Methionine Tolerance in Healthy Human Adults

Study subjects: Healthy volunteers (40 - 79 years) will be included in the study. Informed consent will be obtained before any study related procedures will be performed. All subjects will be extensively screened by research nurses / physician. Exclusion criteria are any condition that interfere with the definition 'healthy" according to the study physician's judgement based on medical history, lab testing, use of medication, and physical exam.

Study design: To establish the Upper Level of Safe intake (USLI) of methionine intake, it is essential to create a dose-response approach of possible negative effects of methionine. To define the Lowest-Observed-Adverse-Effect Level (LOAEL), the investigators suggest a 4 weeks intervention and 2 to 4 weeks washout in healthy volunteers with free methionine at 10 mg/kg body weight/day (=requirement), 25 mg/kg body weight/day, 50 mg/kg body weight/day and 100 mg/kg body weight/day. Pure methionine will be provided by ICAAS. The 4-week intervention period is based on a study in pigs (6). Methionine will be consumed in 3 daily doses. Participants will be advised about their daily dietary intake during the study. Besides the screening visit, each subjects will come back for up to 13 study visits (up to 5 Short study Days (SD, approx. 30 min) and 8 Long study Days (LD, approx. 5 h). On all study days (both SD and LD) the investigators will check parameters of toxicity and measure metabolites of methionine catabolism on the day before each dose intervention, during intervention (2 weeks after the start of each dose intervention; range: +/- 3 days), on the last day of each dose intervention, and 2 weeks after the last dose intervention. Because methionine as a dietary supplement clearly rises a safety issue, we will conduct this experiment in steps. First, subjects will receive the 10 mg/kg body weight/day. The investigators then will analyse all parameters of toxicity, interpret the data and when there are no safety concerns, continue with the next intake level. The study will be stopped at the level when there are apparent safety concerns.

The study will take place at the research facility of the Center for Translational Research on Aging and Longevity (CTRAL), Texas A&M University. The subject will be asked to arrive in the fasted state on both the screening and all study days. On the screening day, body weight and height will be measured and Dual-energy X-ray absorptiometry (DXA) will be performed to measure body composition. On both SD and LD a medical interview will be performed and a toxicity questionnaire completed (see attached protocol). Furthermore on a SD two blood samples will be taken (up to 30 ml). On a LD, one catheter will be inserted in the peripheral vein of an arm for blood sampling (18 samples in total, up to 80 ml per LD) and questionnaires related to cognition, health status and well being may or may not be completed by the subject (see attached protocol).

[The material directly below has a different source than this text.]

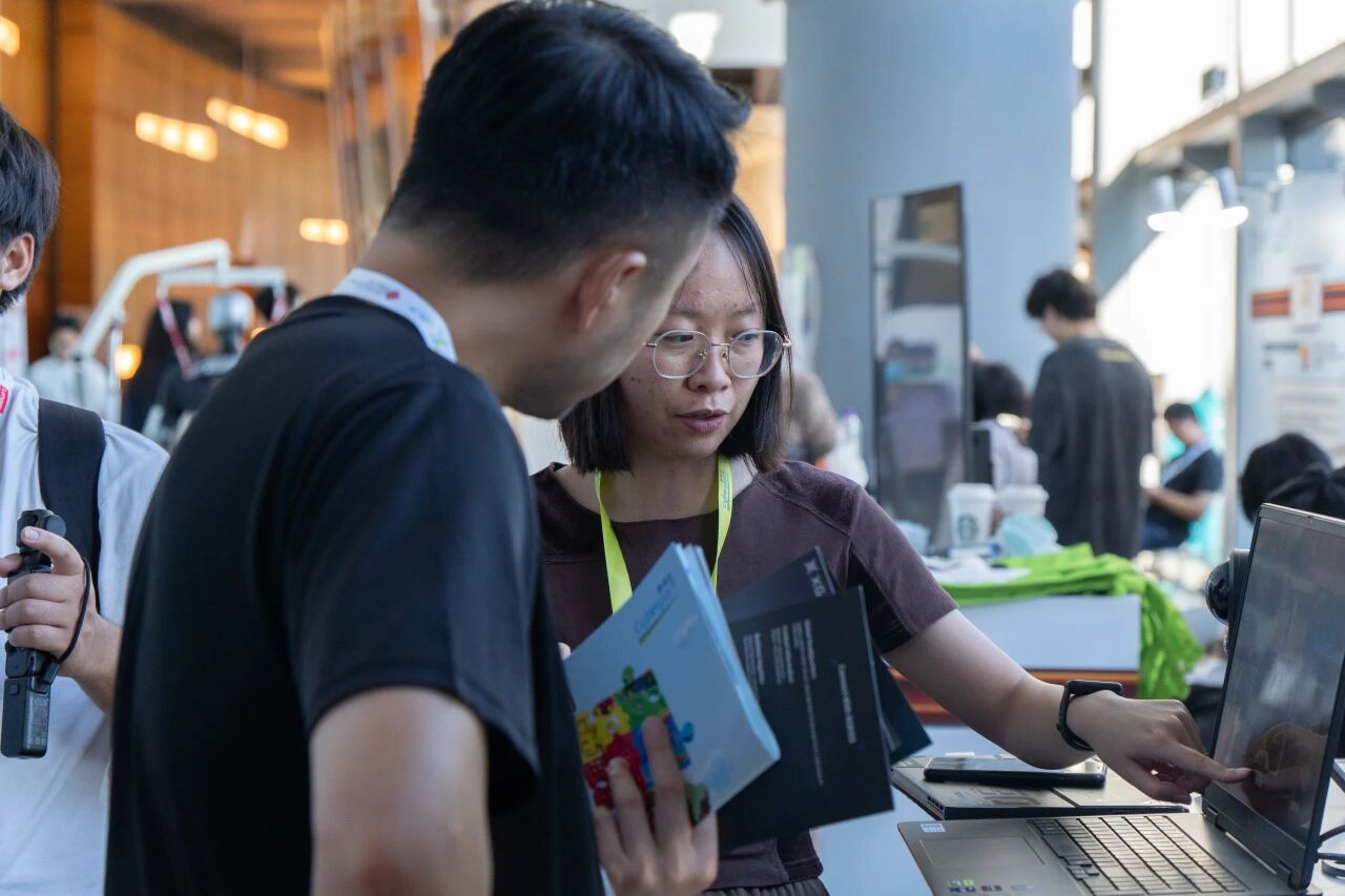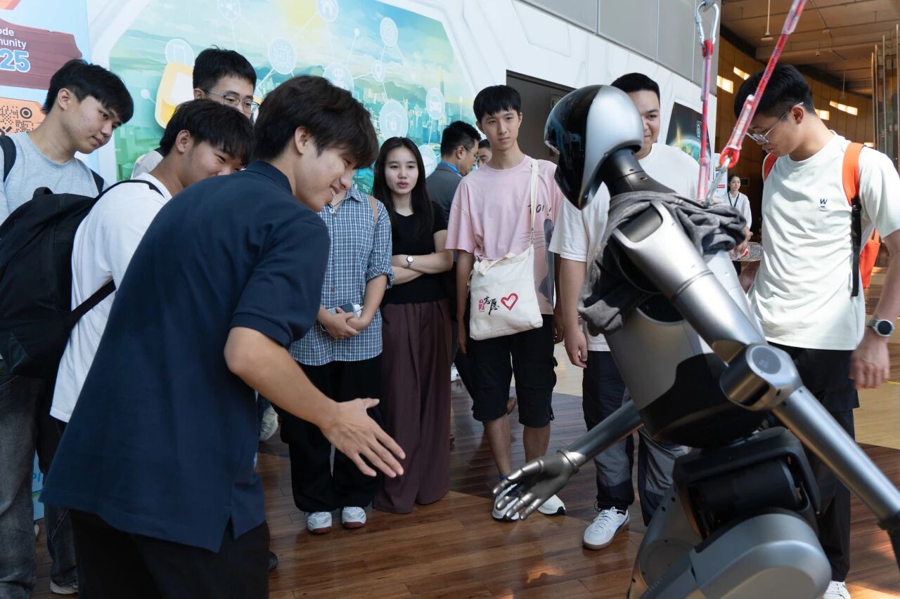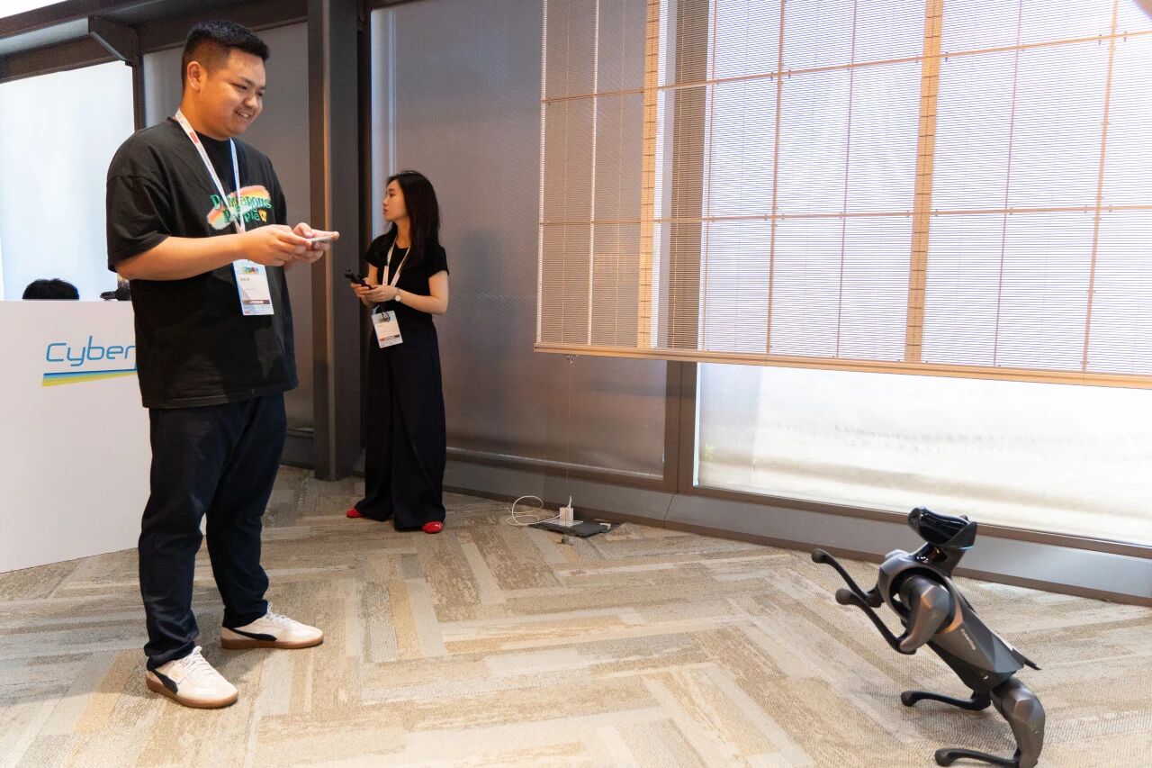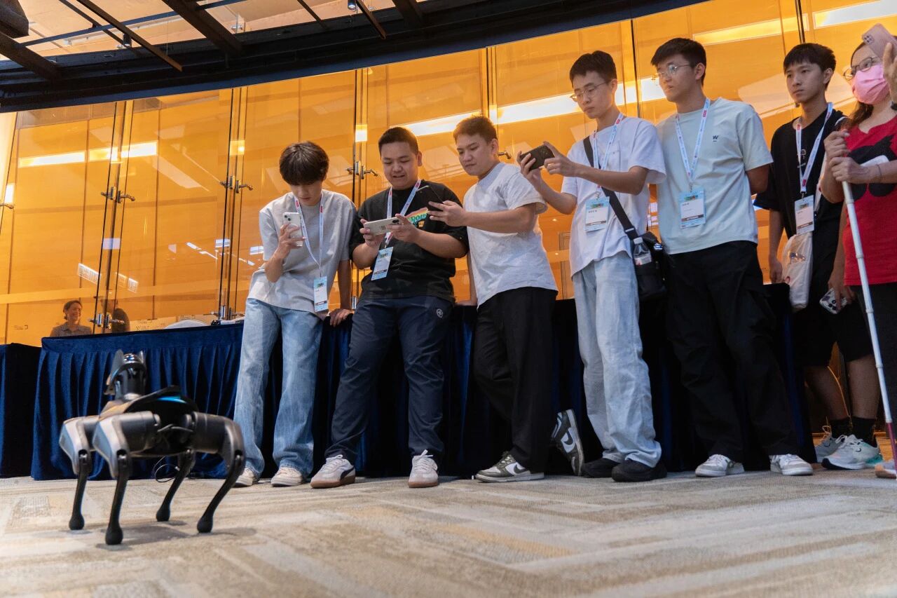 AI 机器狗互动区,同学们亲手操控机器狗完成翻滚、俯卧撑等动作,期间,尝试调整设备参数,在协作中进一步提升了动手实践能力与团队协作意识。在动手实践中深化对 AI 控制算法的认知。这种沉浸式体验,为不同专业的同学打开了通往前沿科技的大门,进一步明确了未来发展的方向,在与同行伙伴的深入交流中,大家拓宽了视野,激发了创新灵感和学习内驱力。

After a baseline blood sample is taken, a stable isotope pulse is provided through the same line. The baseline sample will be used to test toxicity parameters in blood, plasma homocysteine concentration, the plasma concentrations of products of the methionine degrading transamination and sulfoxidation route, and to establish background enrichment of stable isotopes. Samples obtained after the pulse will provide information about transmethylation of methionine, and GSH synthesis. Subjects will be called every week to check compliance regarding supplement intake and to answer questions regarding health and well-being. Subjects who discontinue the study during the study will not be replaced.